In the past electric vehicles had a reputation for being expensive, limited in range, underperforming and inconvenient to recharge. Once these may all have been fair observations, but the technology has moved on. EVs are growing in popularity all the time and more manufacturers are producing models at affordable prices. They’re no longer considered a gimmick or quirky; EVs are looking like the future of transport for several reasons…

Electric Vehicles Will Reduce Our Carbon Footprint

It’s well known that electric cars are much better for the quality of our air as they produce zero emissions at the tailpipe, but there has been much debate over the total gas emissions electric cars contribute over their lifetime, i.e. during the construction process through to the scrapping, plus the burning of fossil fuels in the production of the electricity to power them (unless it’s generated from renewable technology such as solar or wind power).

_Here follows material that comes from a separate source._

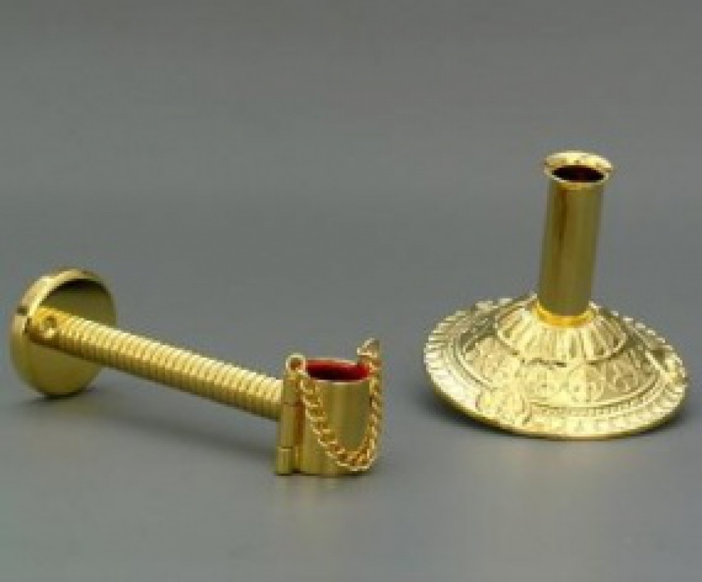 Отступ от стены - 140 мм, диаметр под посох - 33 мм.

However, a recent report by the new European Climate Foundation-commissioned report used 2017 data to demonstrate that replacing a fossil fuel-powered car with an electric model can cut greenhouse gas emissions by half over the course of the vehicle’s lifetime. A small EV produces around 15 tonnes of CO2 from construction through to scrapping, compared to an average of 32 tonnes for the equivalent petrol or diesel car.

Electric Vehicles Are Cheaper to Run

Not only are electric vehicles becoming more affordable to buy with every passing year, the cost of charging your vehicle with electricity will also save you money compared to refuelling with petrol or diesel. And if you charge your car with free electricity generated by solar panels, you can save even more money. According to our calculations the average home could save up to £2,783 per year. Find out more about the potential savings of solar panels and an electric vehicle later in the article.

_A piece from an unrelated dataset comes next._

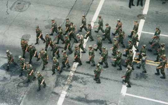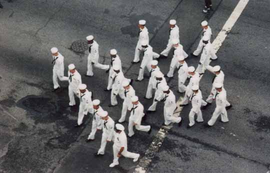 Over 3,500 sailors and marines can be seen walking in the streets of New York during Fleet Week 2004, May 26-June 2. This is in addition to the added security due to terrorist's threats.

Electric Vehicles Are Cheaper & Easier to Maintain

In addition to having no fuel to buy, there are no oil changes and fewer moving parts to wear out; many electric car owners go years without any repair or service bills at all. Brakes tend to last much longer than they do on a petrol or diesel car. You may have to replace the battery eventually but most EVs include a warranty and some
batteries can last up to 15 years.

Electric Vehicles Are Just as Safe

EVs pass the same safety tests as standard vehicles and many have even scored higher in crash test safety ratings.Tesla Model X for example has a perfect score. It’s a common misconception that EVs are a fire risk, but in actuality EVs are far less likely to catch fire than gas cars. On average, petrol or diesel cars will catch
fire at the approximate rate of 1 fire in every 20 million miles driven. For EVs, the rate is 1 fire per 120 million miles driven.

Electric Vehicles Deliver a Great Driving Experience

EVs have a very quick and smooth pickup and high torque power and are well known for how quiet they are from both inside and outside the car.

Ben Vinyard, Technical & Business Development Manager at Waxman Energy Ltd, is on the Distribution Code Review Panel for the grid and was also a contributor to the IET (Institute of Engineering and Technology) battery storage guide. We asked him to share his opinion on the electric vehicle market:

‘Electric vehicles are far less of a sacrifice than they used to be. Today, they will drive further, faster and they’re getting the premium design treatment. They’re no longer an eco-warrior’s statement. They’re simply desirable. Month on month, the statistics for new EV cars registered in the UK increases. We’re at 4.8% at the moment, which is as almost 1 in 20. In less than a year I expect this figure to be 1 in 10.’

Charge at Home

Without a doubt, for those that have dedicated off street parking, charging from home is the most convenient and cost effective way to charge your EV. If you install a home charge point you may never need to stop for fuel again. You simply plug in overnight and get back on the road the next morning. More and more public EV charge points are being installed and one day they will be as common (if not more so) than fuel stations. Charging at home becomes even more of a bonus if you add solar panels to your home which will power the charge point with free, renewable electricity.

Charging Electric Vehicles with Solar PV

Swapping a fossil-fuel car for an electric car with zero tailpipe emissions is a big step towards a greener lifestyle, but if you’re powering it with electricity from the grid you are usually using electricity generated from fossil fuels (although an increasing number of energy suppliers are using renewable technologies).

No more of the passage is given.